Since ‘spelled’ abbreviations like cd and dvd are treated in a special way, which has an impact on multiple rules, I would like to declare them in one spot, to be reused in grammar.xml in multiple rules.
Is that possible?
Can I use the same construction as in ‘weekdays’?
I just did, and it worked.

Yakov · February 24, 2018, 6:49pm

Yes, I use same construction for Russian rules in grammar.xml.
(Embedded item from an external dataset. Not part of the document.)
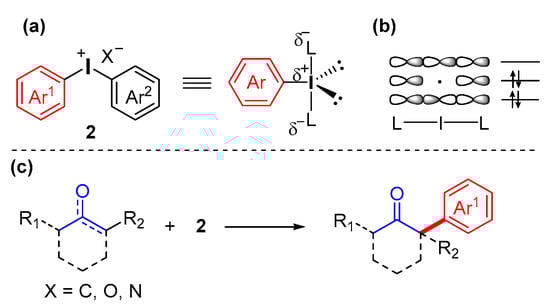 (a) General and T-shaped structure. (b) Orbitals in the hypervalent ω bond. (c) α-arylation of carbonyl compounds using diaryliodonium salts.

tiagosantos · February 24, 2018, 7:27pm

From English grammar.xml:

<!DOCTYPE rules [
    <!ENTITY weekdays "Monday|Wednesday|T(ue|hur)sday|Friday|S(atur|un)day">
    <!ENTITY abbrevWeekdays "Mon?|Tue?|Wed?|Thu?|Fri?|Sat?|Sun?">
    <!ENTITY months "January|February|March|April|May|Ju(ne|ly)|August|September|October|November|December">
    <!ENTITY abbrevMonths "Jan|Feb|Mar|Apr|Ju[ln]|Aug|Sept?|Oct|Nov|Dec">
    <!ENTITY languages "Akan|Amharic|Arabic|Assamese|Awadhi|Azerbaijani|Balochi|Bangla|Belarusian|Bengali|Bhojpuri|Burmese|Cantonese|Cebuano|Chewa|Chhattisgarhi|Chittagonian|Czech|Deccan|Dhundhari|Dutch|English|Filipino|French|Fula|Gaelic|German|Greek|Gujarati|Hakka|Haryanvi|Hausa|Hiligaynon|Hindi|Hmong|Hunanese|Hungarian|Igbo|Ilocano|Ilonggo|Indonesian|Italian|Ja[pv]anese|Jin|Kannada|Kazakh|Khmer|Kinyarwanda|Kirundi|Konkani|Korean|Kurdish|Madurese|Magahi|Maithili|Malagasy|Malay(alam)?|Malaysian|Mandarin|Marathi|Marwari|Mossi|Nepali|Odia|Oriya|Oromo|Pashto|Persian|Polish|Portuguese|Punjabi|Quechua|Romanian|Russian|Saraiki|Serbo-Croatian|Shona|Sindhi|Sinhalese|Somali|Spanish|Sundanese|Swedish|Sylheti|Tagalog|Tamil|Telugu|Thai|Turk(ish|men)|Ukrainian|Urdu|Uyghur|Uzbek|Vietnamese|Visayan|Wu|Xhosa|Xiang|Yoruba|Yue|Zhuang|Zulu"><!-- Most are from https://en.wikipedia.org/wiki/List_of_languages_by_number_of_native_speakers -->
]>

If you want to use the entity regular expression in a rule, use &entity_name;

E.g.:

<rule id="MISSING_COMMA_AFTER_WEEKDAY" name="Missing comma after weekday">
    <pattern>
        <marker>
            <token regexp="yes">&weekdays;</token>
        </marker>
        <token regexp="yes">&months;</token>
        <token regexp="yes">[0123]?[0-9]</token>
    </pattern>
    <message>Commas set off the month in a weekday-month-day date: <suggestion>\1,</suggestion>.</message>
    <url>http://www.thepunctuationguide.com/comma.html#dates</url>
    <short>Missing comma</short>
    <example correction="Friday,">We will meet <marker>Friday</marker> July 15.</example>
    <example>He was born on Friday, August 12, 2016.</example>
</rule>

arysin · February 25, 2018, 8:44pm

Long regular expressions may be quite slow. Alternative way is to have an abbreviation tag in your POS tag dictionary and then use this postag in the rules. It would be much faster but you need to update the dictionary.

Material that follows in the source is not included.